Take a closer look, can you spot any problems?

Deep Learning & NLP, Beyond the Uncanny Valley! 5 million netizens around the world were deceived, and none of the popular TEDx speakers were real people?

Deep Learning & NLP, Beyond the Uncanny Valley! 5 million netizens around the world were deceived, and none of the popular TEDx speakers were real people?

Deep Learning & NLP, Beyond the Uncanny Valley! 5 million netizens around the world were deceived, and none of the popular TEDx speakers were real people?

Deep Learning & NLP, Beyond the Uncanny Valley! 5 million netizens around the world were deceived, and none of the popular TEDx speakers were real people?

Deep Learning & NLP, Beyond the Uncanny Valley! 5 million netizens around the world were deceived, and none of the popular TEDx speakers were real people?

The answer is revealed - none of these five people are real people!

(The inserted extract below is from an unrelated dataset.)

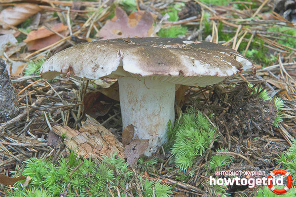 Много е лесно да объркате podgruzdok с такъв външен вид като почернелият Russula, цветът на кожата, чиято капачка може също да бъде от същия цвят като в Chernushka. Основната разлика е по-малко наситеният цвят на гъбичките.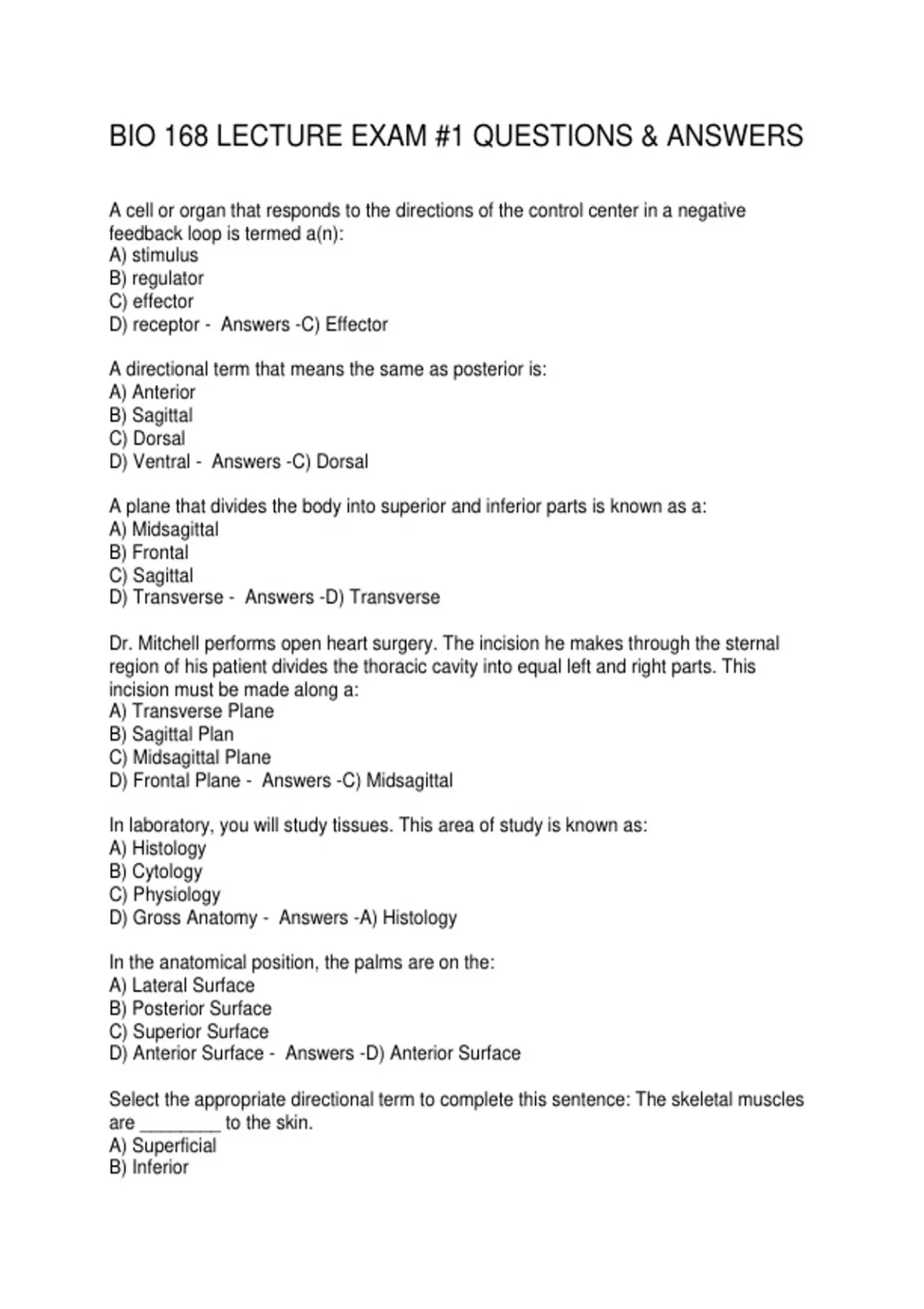 BIO 168 LECTURE EXAM #1 QUESTIONS & ANSWERS

Deep Learning & NLP, Beyond the Uncanny Valley! 5 million netizens around the world were deceived, and none of the popular TEDx speakers were real people?

The little brother who is looking for someone online is going to cry

is so realistic, almost flawless, this level of raw picture AI directly made netizens' jaws drop.

Even AI recognition software can't recognize this as an AI-generated graph.

Deep Learning & NLP, Beyond the Uncanny Valley! 5 million netizens around the world were deceived, and none of the popular TEDx speakers were real people?

"Doesn't it look real because it's a real photo?"

Deep Learning & NLP, Beyond the Uncanny Valley! 5 million netizens around the world were deceived, and none of the popular TEDx speakers were real people?

"None of them are real people? It's just creepy!"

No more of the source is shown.